How Liquids and Objects Behave Differently

On Earth, gravity dominates the way liquids move. Pour water and it falls into a glass, settles flat on top, and stays put. In microgravity, the forces that normally play second fiddle to gravity suddenly take over. Surface tension, the tendency of water molecules to stick together, becomes the dominant force shaping liquid behavior. Water forms floating spheres instead of puddles, and liquids creep along surfaces in ways that look strange compared to anything on the ground.
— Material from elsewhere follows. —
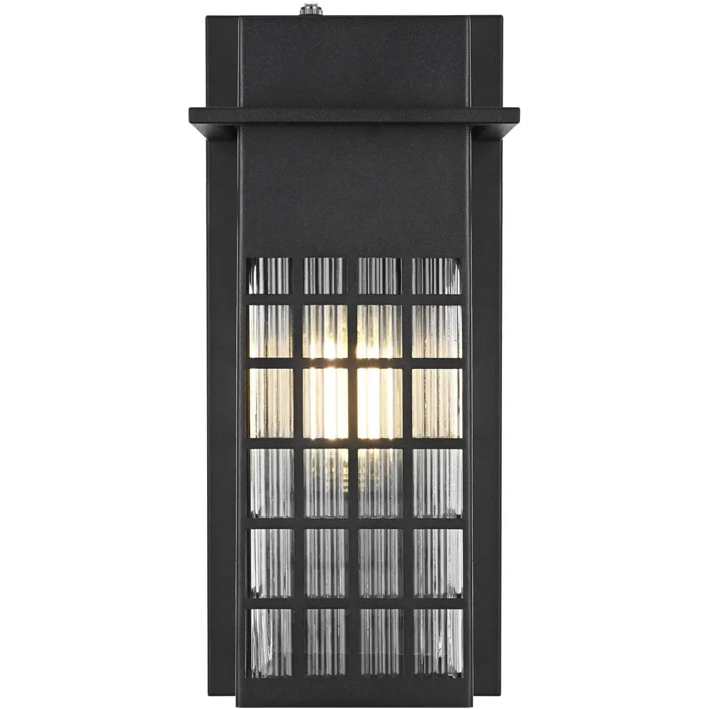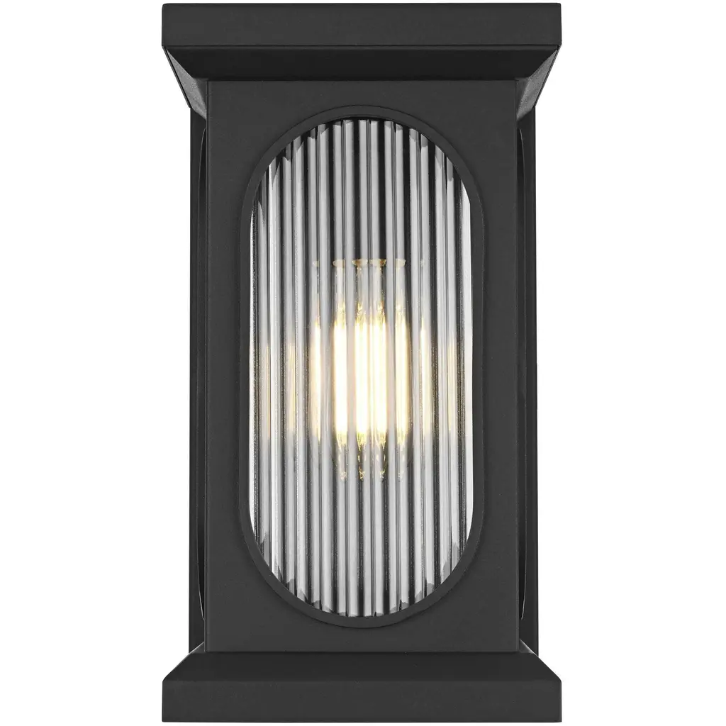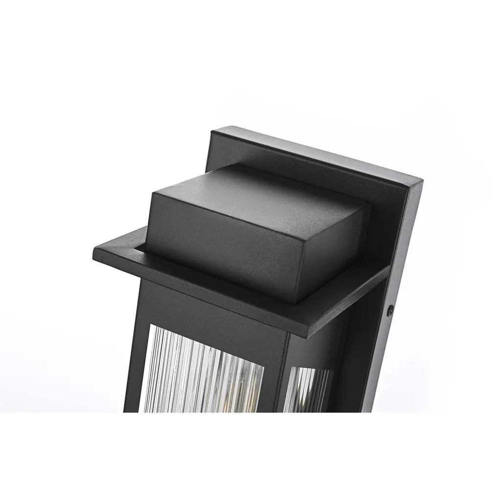Bring a refined touch to your outdoor spaces with this modern wall sconce, thoughtfully designed to enhance any exterior setting. Constructed from robust iron, this wall sconce features a unique combination of fluted glass that culminates in a sophisticated metal ring trim, and a structured top composed of thick bold square top. The slim, extended backplate offers clean lines that perfectly complement the architectural elements of the fixture. The E26 socket accommodates various bulb types, letting you create your ideal level of lighting. Whether you want to brighten an entryway or add a decorative touch to a garden path, this sconce merges durability and striking style for an ideal outdoor lighting solution.

This happens because gravitational forces depend on a liquid’s volume, while surface tension forces depend on its surface area. On Earth, volume wins for any reasonably sized amount of liquid. In freefall, with effective gravity nearly eliminated, surface tension wins instead. It’s not that the physics has changed. The same forces exist in both places. Freefall just reshuffles which ones matter most.
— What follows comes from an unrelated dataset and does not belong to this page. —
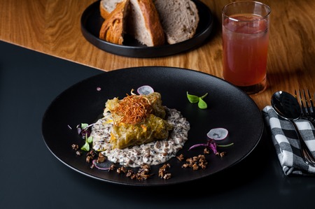 golubtsi Cabbage with rice and meat on a plate of buckwheat and carrots

What Weightlessness Does to the Body

Your body is built to fight gravity every day. Your bones stay dense because they bear your weight. Your muscles stay strong because they work against the constant downward pull. Your cardiovascular system pumps blood upward against gravity to reach your brain. Remove that load, and the body starts adapting in ways that aren’t helpful for a return to Earth.

Bones lose between 1% and 1.5% of their density each month during missions lasting four to six months. That’s a rate roughly ten times faster than osteoporosis on Earth. The bones that bear the most weight on the ground, particularly in the hips and spine, lose density the fastest. Muscles atrophy as well, especially in the legs and back, since those muscles no longer have to support the body against gravity.

Astronauts on the ISS exercise about two hours a day using specially designed resistance machines and a treadmill with harnesses that pull them toward the running surface. This routine doesn’t fully prevent bone and muscle loss, but it slows it significantly and makes the transition back to Earth’s gravity less jarring.

The Station Slowly Loses Altitude

Even at 250 miles up, the ISS isn’t completely above Earth’s atmosphere. A thin wisp of air molecules creates drag on the station, gradually slowing it down. As it loses speed, it also loses altitude, spiraling slightly closer to Earth over time. Without intervention, the station would eventually descend into thicker atmosphere and burn up.

To prevent this, the ISS receives periodic reboosts, where visiting spacecraft or onboard thrusters fire to push the station back to a higher orbit. The frequency of these reboosts depends on how quickly the station is losing altitude, which varies with solar activity (the sun heats the upper atmosphere, causing it to expand and increase drag). This ongoing maintenance keeps the station in its perpetual state of freefall at the right altitude and speed.